The Search for Room-Temperature Superconductivity is Continuing (acm.org) 44

Communications of the ACM checks in on the quest for room-temperature superconductivity. "Time and time again, physicists have announced breakthroughs that were later found to be irreproducible, in error, or even fraudulent."

But "The issue is once again simmering..." In January 2024, a group of researchers from Europe and South America announced they had achieved a milestone in room-temperature ambient-pressure superconductivity. Using Scotch-taped cleaved pyrolytic graphite with surface wrinkles, which formed line defects, they observed a room-temperature superconducting state. Their paper, published in the journal Advanced Quantum Technologies, has gained considerable attention in the scientific world... Although many in the scientific community remain incredulous, if valid, this development could help solve a key piece of the puzzle: how defects and wrinkles in a material such as scotch-taped cleaved pyrolytic graphite (HOPG) affect electrical properties and behavior within superconductive systems...

"We haven't reached a point where there is a clear path to room temperature superconductivity because researchers are either overly enthusiastic or deceptive," said Elie Track, chief technology officer at HYPRES, Inc., an Elmsford, NY, company that develops and commercializes superconductor integrated circuits (ICs) and systems. "People fail to check measurements and others can't reproduce their results. There is a lot of carelessness and sloppy science surrounding the space because people are so eager to achieve success." The team conducting research into scotch-taped cleaved pyrolytic graphite believe their discovery could tilt the search for practically useful room-temperature superconductivity in a favorable direction. They reported they were able to achieve one-dimensional superconductivity in pyrolytic graphite at temperatures as great as 300 degrees Kelvin (26.85 degrees Celsius), and at ambient pressure. Vinokur and physicist Maria Cristina Diamantini described the development as the first "unambiguous experimental evidence" for a global room temperature zero-resistance state. If true, the team's research could illuminate a path to new superconducting materials....

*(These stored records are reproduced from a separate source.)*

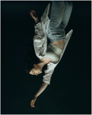 Striking upside down portrait of a woman on a dark background conveying artistic expression.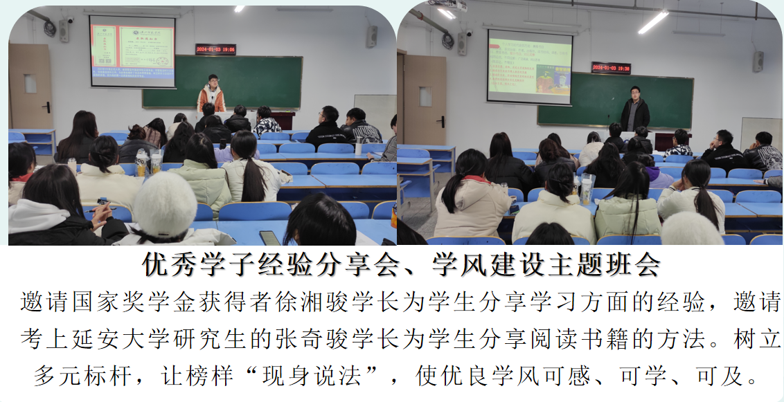 优良学风是班级发展的根基。孙浩老师以“典型引路”为抓手,打造学风建设“标杆矩阵”:定期开展优秀学子经验分享会、学风建设主题班会,邀请国家奖学金获得者、考研上岸学长学姐等优秀榜样“现身说法”,分享学习方法、阅读技巧;连续多年组织读书分享会,让榜样的力量可感、可学、可及,在班级内形成比学赶超、勤学善思的浓厚学风。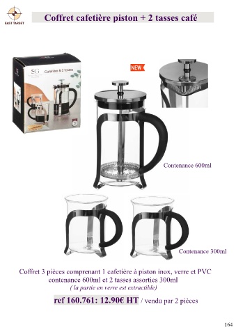Coffret 3 pièces comprenant 1 cafetière à piston inox, verre et PVC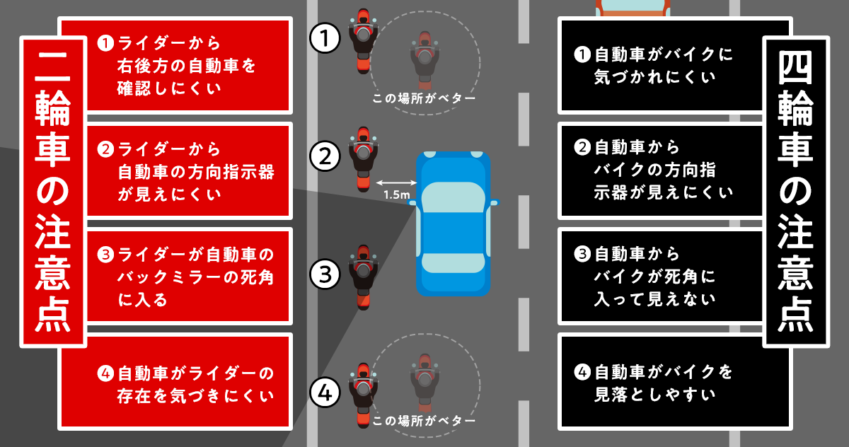 バイクで走行中に、こちらは存在をアピールしているつもりでも、ドライバーがこちらの存在に気付かず、車線変更したり、右折動作に入ったりして思わず接触しそうになったことはありませんか? その原因はドライバーの不注意、確認不足だと言えるでしょうが、できれば私たちライダーが必要以上に注意することで、不要不急な事故は事前に防ぎたいものです。 そこで、あらためて「ドライバーの死角」について確認し、私たちがどのように見えているのか、また、見えていないか、を考えてみましょう。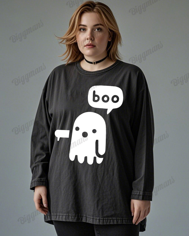 Ghost Boo Print Wash Cotton Round Neck Long Sleeve Plus Size Top

Others remain skeptical, however. For example Alan Kadin [a technical consultant in the field and a former professor of electrical engineering at the University of Rochester] pointed out that one of the key researchers for the project, Yakov Kopelevich, has been working in the field for two decades and, so far, "The results are not reproducible in other labs...Until someone else independently reproduces these results, I think we can safely ignore them," he argued...

Yet as scientists continue to bang away at the superconducting challenge — including the possibility of using generative AI to explore materials and techniques — optimism is growing that a major breakthrough could occur.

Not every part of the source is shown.